You can trivially add new columns or change the values in existing column.

Add a new column

  1. Be sure that the column you are adding has the same indices as the old dataframe.

  2. This is most easily accomplished by manipulating an old column and saving the value

  3. Example: dataframe['new_column_name'] = ms['old_column']*value

  4. Example: dataframe['new_column_name'] = ms['old_column1']*ms['old_column2']

Alter a column

  1. You select a set of cells using the tools from above change their values

  2. Note that dataframes are MUTABLE!

  3. dataframe.loc[selection,selection] = 7

Dealing with missing data

  1. The dataframe.dropna() and .fillna() funtions are super helpful in removing/replacing missing values

  2. Example: only_complete_rows = dataframe.dropna(how='any')

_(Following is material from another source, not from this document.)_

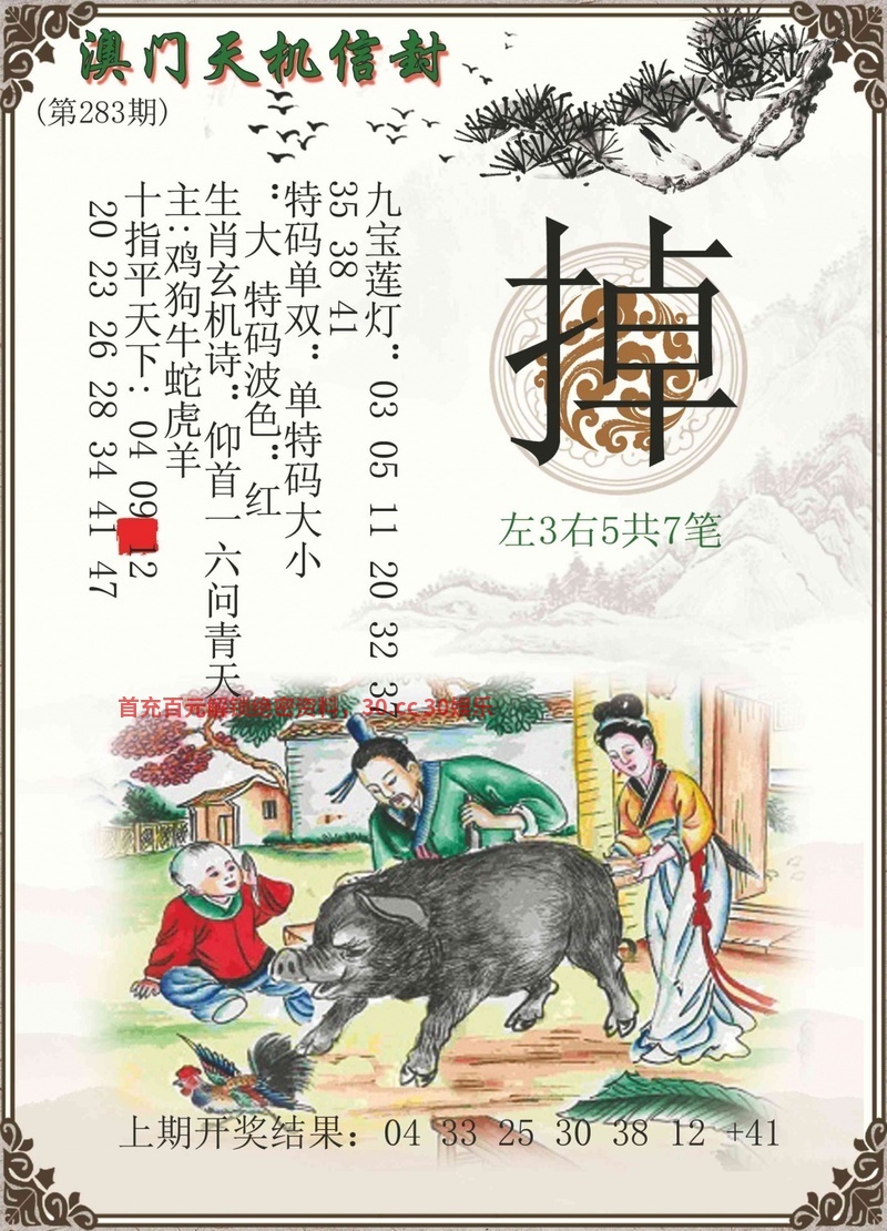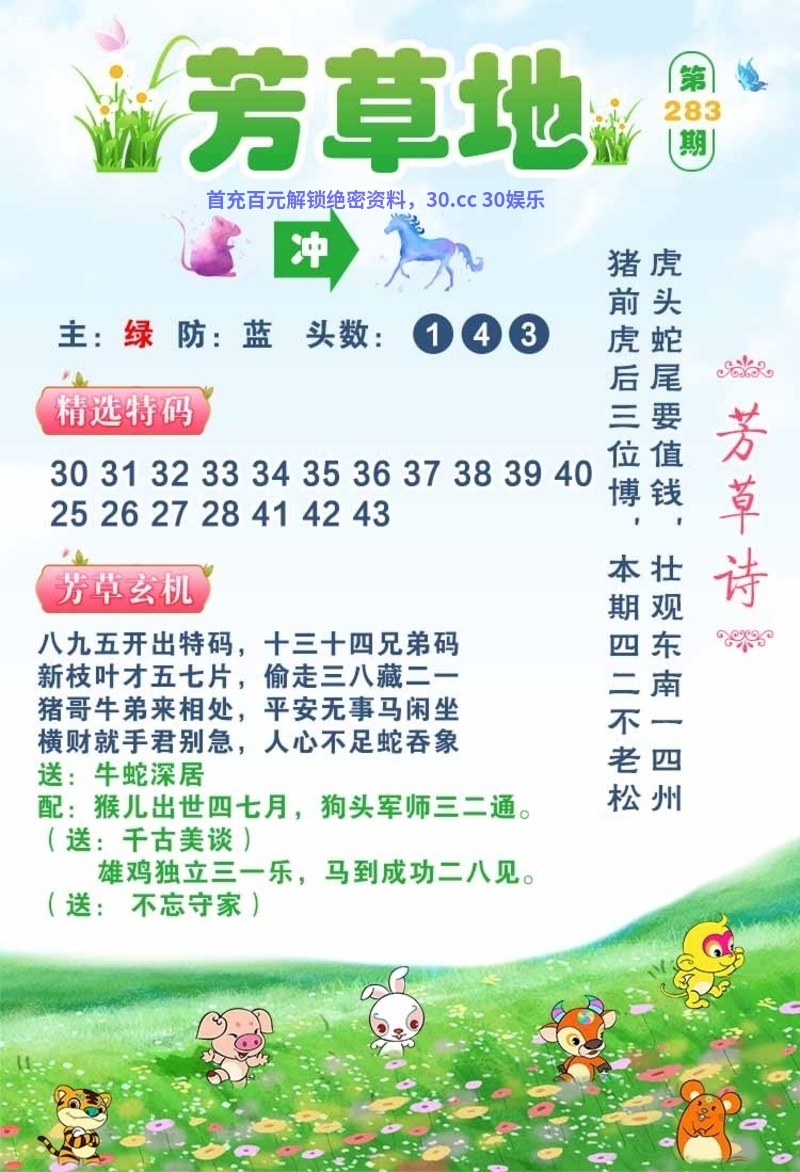 283期芳草玄机:八九五开出特码,十三十四兄弟码。新枝叶才五七片,偷走三八藏二一。猪哥牛弟来相处,平安无事马闲坐。横财就手君别急,人心不足蛇吞象。 芳草诗:虎头蛇尾要值钱,壮观东南一四州。猪前虎后三位博,本期四二不老松。 传奇特肖:狗龙鸡蛇鼠猴牛 内幕头数:143 |

  3. Example: replace_with_0 = dataframe.fillna(value=0.0)

# what is this line doing?
ms['light +1 charge mass']=ms['light Precursor Mz']*ms['Precursor Charge'] - ((ms['Precursor Charge']-1)*1.0078)
ms[['Peptide Modified Sequence', 'light Precursor Mz', 'Precursor Charge', 'light +1 charge mass']]
#think through what this line is doing
ms.loc[ms['light +1 charge mass']>2000,['Peptide Modified Sequence', 'light Precursor Mz', 'Precursor Charge', 'light +1 charge mass']]
ms.loc[ms['light +1 charge mass']>2000,'light +1 charge mass'] = 'way too big!'
#you can quickly save your work at a .csv using the command .to_csv(path_to_file)
ms.to_csv("C:\\Users\duan\Desktop\PythonDataProcessingVisualization\mass_spec_new.csv")
#look in your directory for a new .csv file!